Cable Nets hit headwinds as Disney disappoints in Q3
Joseph O'Halloran
| 08 August 2018


Just as it is prepping to finalise its $71 billion takeover of key 21st Century Fox assets to take on the digital giants, Disney has reported somewhat less than spectacular third quarter 2018 results.
disney 8Aug2018
Overall for the quarter ended 30 June 2018, the House of Mouse reported revenues of $15.228 billion, an annual rise of 7% and leading to nine-month revenue of $45.127, a similar increase compared with the same period in 2018. These were the drivers of Q3 net income of $2.916 billion, up 23% annually, and nine-month profit of $10.276 billion, a year-on-year rise of 42%.

Yet drilling down, the Disney TV divisions showed that the quarter was actually rather challenging. Media Networks revenues for the quarter increased 5% to $6.2 billion and segment operating income was comparable to the prior-year quarter at $1.8 billion. Yet as part of this, revenues for the quarter in the Cable Networks line inched up 2% to $4.2 billion and operating income actually fell 5% annually to $1.4 billion. The company attributed lower operating income was due to a loss at BAMTech — what will be one of the mainstays of the forthcoming direct-to-consumer plays — and a decrease at Freeform, partially offset by an increase at ESPN.
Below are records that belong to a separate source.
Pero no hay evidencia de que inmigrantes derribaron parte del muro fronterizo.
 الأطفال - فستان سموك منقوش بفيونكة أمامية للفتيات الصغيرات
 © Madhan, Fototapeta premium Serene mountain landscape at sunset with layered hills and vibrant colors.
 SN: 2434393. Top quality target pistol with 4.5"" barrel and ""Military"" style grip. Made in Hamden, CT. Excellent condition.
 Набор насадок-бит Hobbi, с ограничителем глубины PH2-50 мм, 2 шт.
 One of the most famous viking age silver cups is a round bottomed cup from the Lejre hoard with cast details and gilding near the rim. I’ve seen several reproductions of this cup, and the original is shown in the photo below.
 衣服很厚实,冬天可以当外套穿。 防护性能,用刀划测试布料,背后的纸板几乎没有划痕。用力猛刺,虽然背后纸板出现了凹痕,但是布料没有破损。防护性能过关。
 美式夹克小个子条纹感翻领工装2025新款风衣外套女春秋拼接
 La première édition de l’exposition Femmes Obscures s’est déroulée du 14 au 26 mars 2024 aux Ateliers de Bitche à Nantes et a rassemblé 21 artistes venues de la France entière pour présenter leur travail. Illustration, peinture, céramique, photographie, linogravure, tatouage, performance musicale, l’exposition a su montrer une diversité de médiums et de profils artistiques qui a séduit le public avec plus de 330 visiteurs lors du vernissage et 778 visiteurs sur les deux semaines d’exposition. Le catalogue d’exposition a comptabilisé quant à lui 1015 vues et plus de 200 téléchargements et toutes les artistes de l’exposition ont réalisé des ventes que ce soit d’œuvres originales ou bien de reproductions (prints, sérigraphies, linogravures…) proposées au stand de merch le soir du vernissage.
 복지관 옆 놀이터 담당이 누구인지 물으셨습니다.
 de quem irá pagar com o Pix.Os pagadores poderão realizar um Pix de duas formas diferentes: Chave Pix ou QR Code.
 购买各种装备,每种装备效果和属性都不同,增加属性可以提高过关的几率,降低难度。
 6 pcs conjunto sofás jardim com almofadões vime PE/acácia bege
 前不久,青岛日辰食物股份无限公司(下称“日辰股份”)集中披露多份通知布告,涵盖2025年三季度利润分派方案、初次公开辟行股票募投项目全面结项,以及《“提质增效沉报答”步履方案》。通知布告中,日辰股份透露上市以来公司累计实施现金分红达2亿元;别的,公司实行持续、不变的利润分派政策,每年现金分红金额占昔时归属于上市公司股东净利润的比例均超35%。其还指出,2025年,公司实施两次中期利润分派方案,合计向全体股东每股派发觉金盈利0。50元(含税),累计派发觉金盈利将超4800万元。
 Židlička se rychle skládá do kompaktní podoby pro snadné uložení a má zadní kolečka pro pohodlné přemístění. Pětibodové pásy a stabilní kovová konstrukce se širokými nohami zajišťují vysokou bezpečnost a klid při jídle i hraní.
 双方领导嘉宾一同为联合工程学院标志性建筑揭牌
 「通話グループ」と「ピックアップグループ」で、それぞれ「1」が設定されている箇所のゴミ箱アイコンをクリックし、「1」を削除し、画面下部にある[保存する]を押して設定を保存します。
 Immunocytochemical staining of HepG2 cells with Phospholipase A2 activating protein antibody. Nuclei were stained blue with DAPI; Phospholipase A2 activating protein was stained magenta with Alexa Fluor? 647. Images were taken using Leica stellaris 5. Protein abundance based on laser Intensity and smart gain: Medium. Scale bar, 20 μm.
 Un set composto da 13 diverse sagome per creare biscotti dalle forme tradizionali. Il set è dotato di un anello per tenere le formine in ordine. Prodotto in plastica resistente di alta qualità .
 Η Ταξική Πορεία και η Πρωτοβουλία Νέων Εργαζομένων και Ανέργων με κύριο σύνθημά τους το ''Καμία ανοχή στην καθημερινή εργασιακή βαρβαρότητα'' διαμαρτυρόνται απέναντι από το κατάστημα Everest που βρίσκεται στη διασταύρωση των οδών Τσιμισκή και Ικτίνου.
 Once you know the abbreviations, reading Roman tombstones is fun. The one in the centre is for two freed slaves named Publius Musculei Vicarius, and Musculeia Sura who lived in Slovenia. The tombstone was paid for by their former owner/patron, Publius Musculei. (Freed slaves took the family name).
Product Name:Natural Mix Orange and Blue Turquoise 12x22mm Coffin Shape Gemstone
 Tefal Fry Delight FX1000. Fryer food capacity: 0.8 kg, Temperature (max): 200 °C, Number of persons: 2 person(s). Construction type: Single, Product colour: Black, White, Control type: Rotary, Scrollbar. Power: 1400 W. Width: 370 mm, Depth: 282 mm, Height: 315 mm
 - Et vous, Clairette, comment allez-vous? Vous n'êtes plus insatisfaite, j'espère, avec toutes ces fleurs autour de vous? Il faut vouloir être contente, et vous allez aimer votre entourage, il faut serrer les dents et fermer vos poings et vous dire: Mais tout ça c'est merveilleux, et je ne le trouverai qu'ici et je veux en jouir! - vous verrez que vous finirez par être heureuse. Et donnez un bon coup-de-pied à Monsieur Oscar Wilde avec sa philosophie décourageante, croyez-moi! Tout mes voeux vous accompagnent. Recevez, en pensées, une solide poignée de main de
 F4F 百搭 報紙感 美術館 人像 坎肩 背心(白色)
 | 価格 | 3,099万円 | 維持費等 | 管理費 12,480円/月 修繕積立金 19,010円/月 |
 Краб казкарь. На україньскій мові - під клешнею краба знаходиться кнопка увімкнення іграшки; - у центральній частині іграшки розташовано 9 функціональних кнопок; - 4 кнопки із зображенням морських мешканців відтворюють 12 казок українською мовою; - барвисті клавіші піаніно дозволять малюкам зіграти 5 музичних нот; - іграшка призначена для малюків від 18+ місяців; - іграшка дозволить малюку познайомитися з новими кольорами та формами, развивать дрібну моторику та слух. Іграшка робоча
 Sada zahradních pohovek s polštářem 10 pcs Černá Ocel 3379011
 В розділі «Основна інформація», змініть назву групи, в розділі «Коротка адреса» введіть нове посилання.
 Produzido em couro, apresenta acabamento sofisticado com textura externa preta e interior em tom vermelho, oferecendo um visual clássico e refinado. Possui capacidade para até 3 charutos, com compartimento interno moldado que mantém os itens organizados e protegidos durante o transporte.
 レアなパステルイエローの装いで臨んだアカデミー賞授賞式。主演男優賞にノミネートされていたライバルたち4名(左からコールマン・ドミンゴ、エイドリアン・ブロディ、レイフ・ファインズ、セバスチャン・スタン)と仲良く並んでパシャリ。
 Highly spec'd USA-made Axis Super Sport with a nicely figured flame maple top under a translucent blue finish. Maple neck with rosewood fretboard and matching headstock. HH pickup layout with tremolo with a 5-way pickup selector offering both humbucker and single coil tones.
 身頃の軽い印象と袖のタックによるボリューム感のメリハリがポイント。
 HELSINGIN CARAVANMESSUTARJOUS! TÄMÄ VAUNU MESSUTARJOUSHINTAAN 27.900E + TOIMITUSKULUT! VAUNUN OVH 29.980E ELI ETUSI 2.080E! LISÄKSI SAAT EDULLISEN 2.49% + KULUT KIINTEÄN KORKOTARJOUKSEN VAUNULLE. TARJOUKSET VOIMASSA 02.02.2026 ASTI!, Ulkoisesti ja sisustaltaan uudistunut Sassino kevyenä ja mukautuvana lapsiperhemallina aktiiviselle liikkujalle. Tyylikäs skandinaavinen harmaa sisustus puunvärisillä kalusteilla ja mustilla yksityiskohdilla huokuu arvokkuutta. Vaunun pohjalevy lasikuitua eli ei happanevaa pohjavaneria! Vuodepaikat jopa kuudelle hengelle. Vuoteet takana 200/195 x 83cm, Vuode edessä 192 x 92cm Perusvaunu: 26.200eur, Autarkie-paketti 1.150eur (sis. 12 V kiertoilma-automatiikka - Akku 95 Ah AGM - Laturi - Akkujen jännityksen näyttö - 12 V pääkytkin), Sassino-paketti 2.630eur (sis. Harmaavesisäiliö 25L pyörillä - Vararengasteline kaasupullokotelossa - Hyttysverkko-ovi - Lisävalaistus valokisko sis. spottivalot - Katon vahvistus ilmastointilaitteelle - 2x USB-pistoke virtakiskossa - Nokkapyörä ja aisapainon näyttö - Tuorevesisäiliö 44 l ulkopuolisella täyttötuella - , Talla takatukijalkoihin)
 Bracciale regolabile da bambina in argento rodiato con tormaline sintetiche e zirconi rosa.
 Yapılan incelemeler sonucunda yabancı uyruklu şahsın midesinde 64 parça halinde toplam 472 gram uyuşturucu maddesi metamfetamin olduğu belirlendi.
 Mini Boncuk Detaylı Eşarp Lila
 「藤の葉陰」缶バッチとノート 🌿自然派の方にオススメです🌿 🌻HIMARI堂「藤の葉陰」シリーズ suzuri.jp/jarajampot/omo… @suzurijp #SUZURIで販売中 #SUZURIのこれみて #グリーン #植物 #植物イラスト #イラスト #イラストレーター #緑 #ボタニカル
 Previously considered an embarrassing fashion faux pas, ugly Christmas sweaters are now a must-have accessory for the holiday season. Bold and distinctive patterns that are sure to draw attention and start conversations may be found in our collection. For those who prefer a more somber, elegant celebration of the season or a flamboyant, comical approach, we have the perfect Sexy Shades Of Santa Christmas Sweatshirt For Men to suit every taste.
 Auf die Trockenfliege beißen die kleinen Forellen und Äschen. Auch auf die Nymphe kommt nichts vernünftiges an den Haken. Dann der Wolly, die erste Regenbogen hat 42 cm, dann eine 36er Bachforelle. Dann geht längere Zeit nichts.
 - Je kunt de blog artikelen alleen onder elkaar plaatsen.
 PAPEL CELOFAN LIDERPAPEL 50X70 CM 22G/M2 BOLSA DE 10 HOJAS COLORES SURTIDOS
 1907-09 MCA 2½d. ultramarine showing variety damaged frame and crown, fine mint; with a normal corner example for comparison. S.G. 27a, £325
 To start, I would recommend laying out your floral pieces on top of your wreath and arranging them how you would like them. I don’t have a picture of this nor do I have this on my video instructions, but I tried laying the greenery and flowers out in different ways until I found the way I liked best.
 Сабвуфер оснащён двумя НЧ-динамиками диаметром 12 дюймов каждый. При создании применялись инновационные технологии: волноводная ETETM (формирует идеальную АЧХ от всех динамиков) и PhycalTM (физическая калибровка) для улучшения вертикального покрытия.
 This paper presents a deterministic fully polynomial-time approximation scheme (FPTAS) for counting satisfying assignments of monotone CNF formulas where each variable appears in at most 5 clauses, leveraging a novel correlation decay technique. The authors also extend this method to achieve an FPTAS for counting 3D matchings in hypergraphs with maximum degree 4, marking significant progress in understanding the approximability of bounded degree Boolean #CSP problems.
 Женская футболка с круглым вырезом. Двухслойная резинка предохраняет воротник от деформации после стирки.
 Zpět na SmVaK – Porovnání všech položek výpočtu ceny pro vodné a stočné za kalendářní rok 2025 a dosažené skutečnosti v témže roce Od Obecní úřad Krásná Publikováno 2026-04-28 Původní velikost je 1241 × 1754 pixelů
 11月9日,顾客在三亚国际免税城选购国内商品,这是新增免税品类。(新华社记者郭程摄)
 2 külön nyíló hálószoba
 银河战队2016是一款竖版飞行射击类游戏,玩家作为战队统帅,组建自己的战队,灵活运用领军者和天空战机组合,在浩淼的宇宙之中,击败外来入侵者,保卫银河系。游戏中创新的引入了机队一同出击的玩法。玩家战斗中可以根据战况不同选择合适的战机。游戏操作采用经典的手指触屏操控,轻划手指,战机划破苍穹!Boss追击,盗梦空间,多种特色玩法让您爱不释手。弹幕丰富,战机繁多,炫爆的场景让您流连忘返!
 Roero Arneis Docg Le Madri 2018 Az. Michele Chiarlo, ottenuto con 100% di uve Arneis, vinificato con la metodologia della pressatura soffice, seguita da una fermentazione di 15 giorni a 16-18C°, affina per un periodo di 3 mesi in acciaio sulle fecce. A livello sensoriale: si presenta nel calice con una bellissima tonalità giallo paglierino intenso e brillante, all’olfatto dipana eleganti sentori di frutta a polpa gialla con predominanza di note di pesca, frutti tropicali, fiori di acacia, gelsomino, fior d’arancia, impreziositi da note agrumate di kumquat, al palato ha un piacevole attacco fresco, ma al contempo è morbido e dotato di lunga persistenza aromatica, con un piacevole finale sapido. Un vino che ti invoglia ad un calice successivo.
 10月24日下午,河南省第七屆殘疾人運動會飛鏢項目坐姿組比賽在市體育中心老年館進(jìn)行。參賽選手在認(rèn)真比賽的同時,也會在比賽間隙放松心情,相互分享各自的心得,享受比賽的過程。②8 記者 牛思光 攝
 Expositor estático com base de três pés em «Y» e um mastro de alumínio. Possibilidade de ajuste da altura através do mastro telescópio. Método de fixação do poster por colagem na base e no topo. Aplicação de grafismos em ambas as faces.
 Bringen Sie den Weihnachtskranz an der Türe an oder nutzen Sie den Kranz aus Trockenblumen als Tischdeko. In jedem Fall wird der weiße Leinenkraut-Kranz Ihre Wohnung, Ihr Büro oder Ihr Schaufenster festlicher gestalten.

Disney noted that in Q3 BAMTech’s operating loss was a result of its acquisition of a controlling interest in the fourth quarter of fiscal 2017. It added that the loss at BAMTech reflected higher content and marketing costs and ongoing investments in their technology platform including costs associated with ESPN+, which was launched in April 2018. The decline at Freeform was said to be primarily due to lower advertising revenue and higher marketing costs, partially offset by lower programming costs. The decrease in advertising revenue was due to lower impressions from a decline in average viewership.

The increase at ESPN was due to affiliate revenue growth and the comparison to severance and contract termination costs incurred in the prior-year quarter, partially offset by higher programming costs and a decrease in advertising revenue. Affiliate revenue growth reflected contractual rate increases, partially offset by a decline in subscribers while the programming cost increase was primarily due to a contractual rate increase for NBA programming. Lower advertising revenue was due to a decrease in impressions from lower average viewership, partially offset by higher rates. Advertising revenue was adversely impacted by one fewer game than was possible for the NBA Finals.

Broadcasting revenues for the quarter increased 11% to $2.0 billion and operating income increased 43% to $361 million. The increase in operating income was due to higher programme sales, affiliate revenue growth and increased network advertising revenue, partially offset by higher programming costs.

The increase in programme sales was driven by higher sales of Designated Survivor, How to Get Away with Murder and Grey’s Anatomy, but partially offset by lower sales of Quantico. Affiliate revenue growth was due to contractual rate increases. The increase in network advertising revenue was due to higher rates, partially offset by lower average viewership. The programming costs increase was driven by higher cost primetime programming, including the impact of American Idol and Roseanne in the current quarter.

Despite the issues in the TV divisions, Disney CEO and Chairman Bob Iger expressed satisfaction with the third quarter results and how they had positioned the company for the big moves ahead. “We’re pleased with our results in the quarter, including a double-digit increase in earnings per share, and excited about the opportunities ahead for continued growth,” he remarked. “Having earned the overwhelming support of shareholders, we are more enthusiastic about the 21st Century Fox acquisition than ever, and confident in our ability to fully leverage these assets along with our own incredible brands, franchises and businesses to drive significant value across the entire company.”